One of the parents who responded to the initial proposal said this:

"The content is inconsistent and deliberately ambiguous. The Guidance is
very unclear on the differences between sex, sexual intercourse and
gender. The glossary of terms at the back, which contains unorthodox
definitions, requires constant referencing to understand the new key
concepts imposed. The opportunity provided by this Guidance for the
replacement of ‘sex’ with ‘gender’ is fundamentally sexist. Women and
girls stand to suffer the most from the disregard, if not political
erasure, of sex. (Parent)"

Notice the Orwellian use of language - non-standard definitions being
used to slip abhorrent ideas past those who might object if they truly
understood what was going on.

In the summary at the end of the report is this response to dissent.

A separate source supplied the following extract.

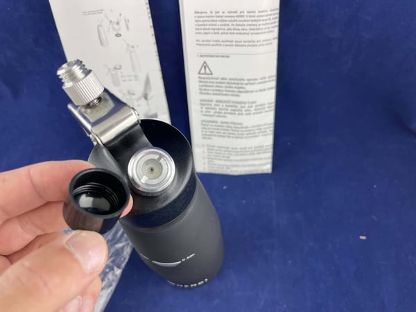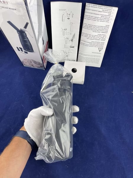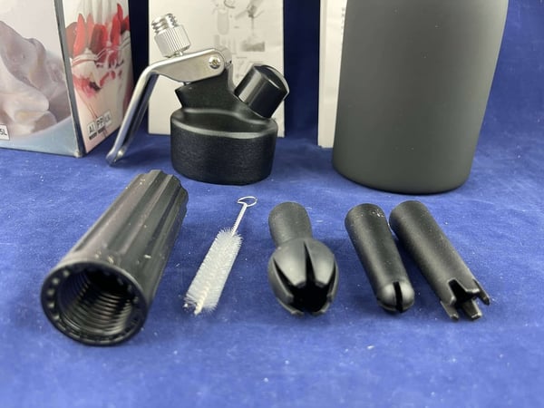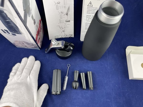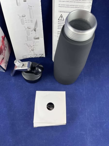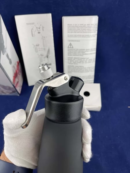 Корпус матового черного сифона для сливок выполнен полностью из алюминия.
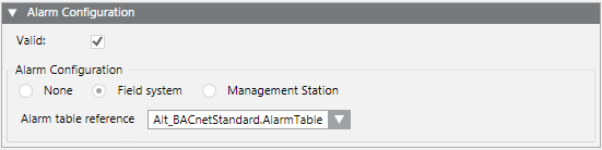 Field system alarms are generated at the level of the subsystem, panel or automation station. Alarm tables are used to map these field events to Desigo CC alarm classes.

"More critical perspectives offered within the consultation tended not
to engage with the Guidance and Code itself, but objected to the
approach as a whole. Many offered instead a range of concerns. Whilst
diverse in substantive origin and orientation, negative perspectives
tended to link back to two overarching areas of concern:

" That the proposed approach is inappropriate for learners, especially
for younger children. From these perspectives, respondents often raised
the disconnect between the values held by parents and carers and the
perceived understanding of RSE content and focus, especially surrounding
sexual orientation.

" Further, a key theme was the perceived focus on gender and identity
within the curriculum, which was considered problematic. Apparent within
these perspectives was the perceived shift away from biological and
‘fact-based’ teachings of gender, towards relativist interpretations
that openly accept and by default encourage difference."

These proposals only affect Wales, but you can be sure that similar
proposals either have been put forward in England and Scotland or will
be put forward. They should be of concern to all Christians.